Don’t Overlook Consumer ETF Returns

November 05, 2019

Much like the S&P 500’s own track record in this latest (ongoing) earnings cycle, roughly 82% of the consumer discretionary sector has thus far beaten earnings estimates in a pretty solid showing. That doesn’t mean investors are flocking to the sector.

The S&P 500 may be in record territory, but investor appetite for cyclical sectors such as consumer discretionary remains muted at best.

So far this year, U.S. consumer discretionary ETFs—as a segment—have attracted under $200 million in net creations.

The biggest fund, the $14 billion Consumer Discretionary Select Sector SPDR (XLY), is actually a net asset loser year to date despite strong performance relative to the SPDR S&P 500 ETF Trust (SPY):



The relative aversion to consumer discretionary stocks isn’t all that surprising in a year when playing defense has been an overarching theme. Unlike staples, discretionary names are seen as riskier bets in a global economic slowdown.

That said, there are three interesting pockets within discretionary names that are standing out lately.

Homebuilder Stocks

A look at the top asset-gathering ETFs year to date shows that second only to the broader Vanguard Consumer Discretionary ETF (VCR)—a fund that competes with XLY, but offers a much deeper portfolio, with some 300 holdings, and cheaper, at 0.10% in expense ratio—homebuilder ETFs are right there at the top.


2019's Top Gainers ($, Millions)

Ticker Fund YTD 2019 Net Flows ($M) 2019 AUM ($M) % of AUM
VCR Vanguard Consumer Discretionary ETF 167.07 3,014.58 5.54%
XHB SPDR S&P Homebuilders ETF 80.38 826.51 9.73%
ITB iShares U.S. Home Construction ETF 75.33 1,296.77 5.81%
FDIS Fidelity MSCI Consumer Discretionary Index ETF 43.83 728.15 6.02%
IYC iShares U.S. Consumer Services ETF 40.18 984.46 4.08%
ESPO VanEck Vectors Video Gaming & eSports ETF 31.98 41.01 77.99%
RCD Invesco S&P 500 Equal Weight Consumer Discretionary ETF 15.13 91.02 16.62%
NERD Roundhill BITKRAFT Esports & Digital Entertainment ETF 9.83 9.75 100.78%
CHIQ Global X MSCI China Consumer Discretionary ETF 4.53 156.48 2.89%
IEDI iShares Evolved U.S. Discretionary Spending ETF 2.98 9.11 32.76%


The housing market may not be going gangbusters this year, but homebuilders are one of the best-performing segments within consumer discretionary names due to expectations that low—and lowering—interest rates will foster an uptick in demand for housing.

Low unemployment rates and strong consumer confidence also feed into this outlook for a strong housing market going forward.

The SPDR S&P Homebuilders ETF (XHB) and the iShares U.S. Home Construction ETF (ITB) are the biggest ETFs in this segment.
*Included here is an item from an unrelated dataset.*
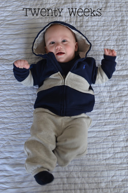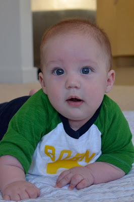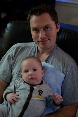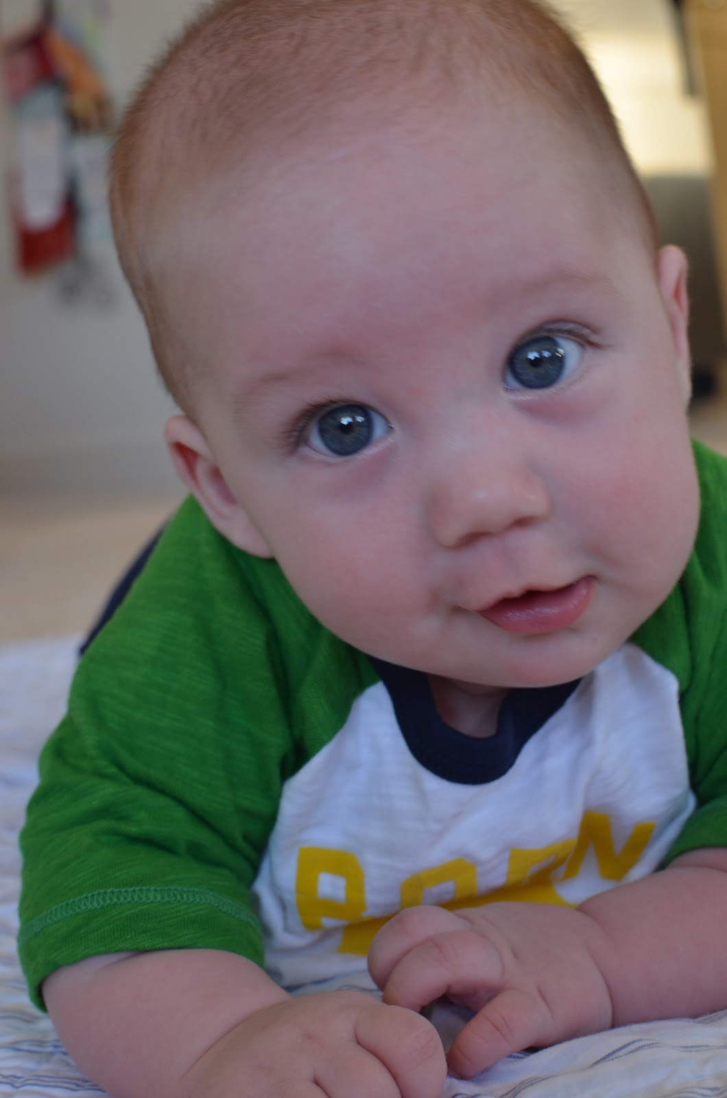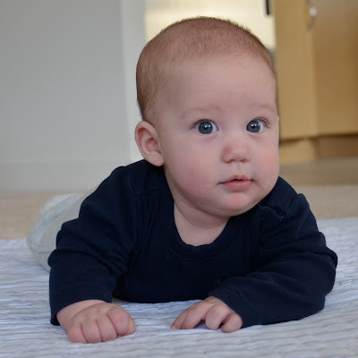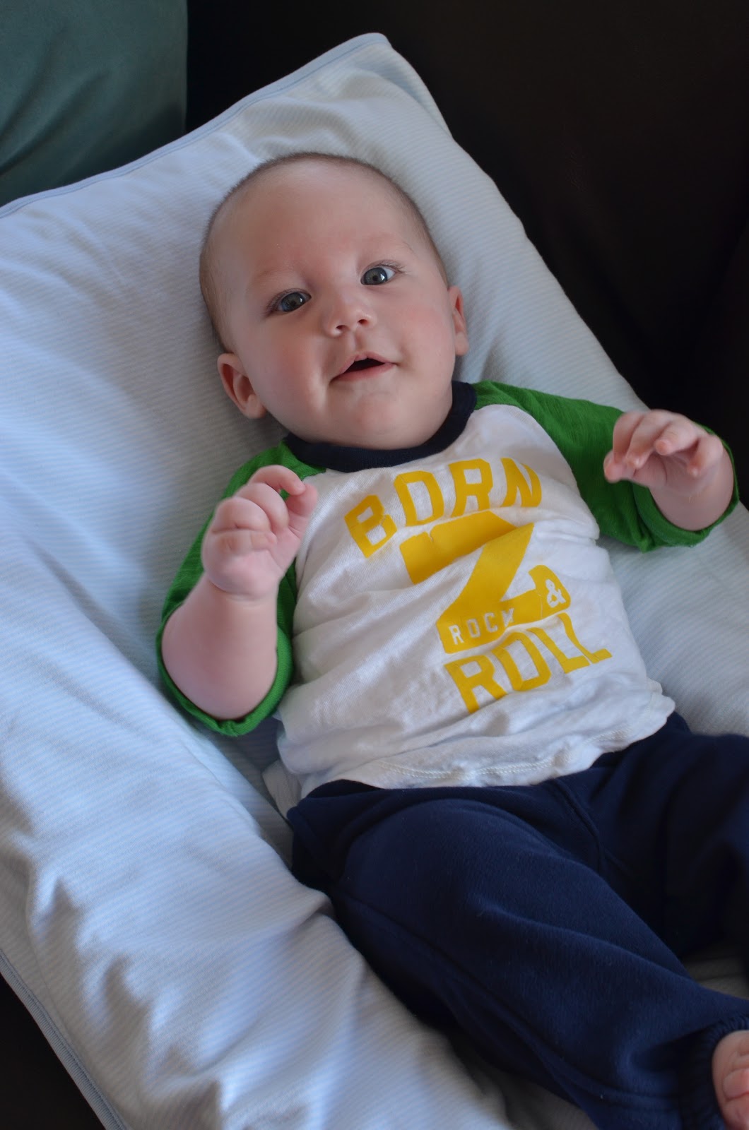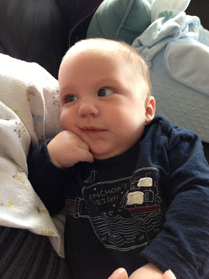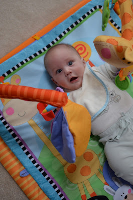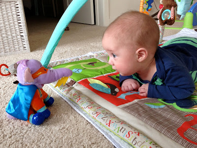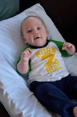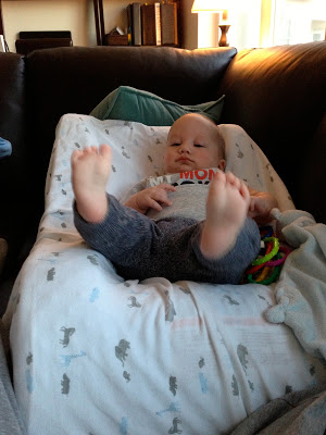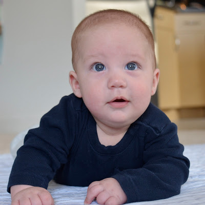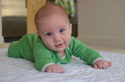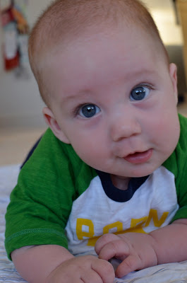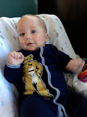 Likes: Noah now loves sitting up (with our help obviously). He also loves playing with his rings, football, and putting anything he can in his mouth. I've also found a spot on his cheek where if I make loud kissy noises on him, he starts to smile big and almost giggle. I can't wait to hear a full laugh from him.

Check out these funds’ impressive performance this year:



XHB has rallied some 20 percentage points more than SPY, while ITB is shelling out 2x the gains of the S&P 500. The disparity in performance between the two homebuilder ETFs ties to their focus and portfolio construction.

ITB—the performance leader this year—is a more pure-play take on homebuilders, which represent about 63% of the portfolio, and where names like D.R. Horton and Lennar Corp lead portfolio allocation.

(Use our stock finder tool to find an ETF’s allocation to a certain stock.)

By contrast, XHB is a more broadly diversified take on the space, blending builders with furnishings, appliances and home improvement names. Homebuilders represent less than 30% of XHB’s portfolio, where top holdings include, instead, names like Mohawk Ind. and Home Depot.

Another key different between these two ETFs is that ITB is a market-cap-weighted portfolio, whereas XHB equal weights holdings. XHB is also cheaper than ITB, with a price tag of 0.35% compared with ITB's 0.42%.

Either way—be it purely a play on homebuilders or more broadly a play on the housing industry—this is a segment of the consumer discretionary sector that’s delivering strong gains and picking up assets.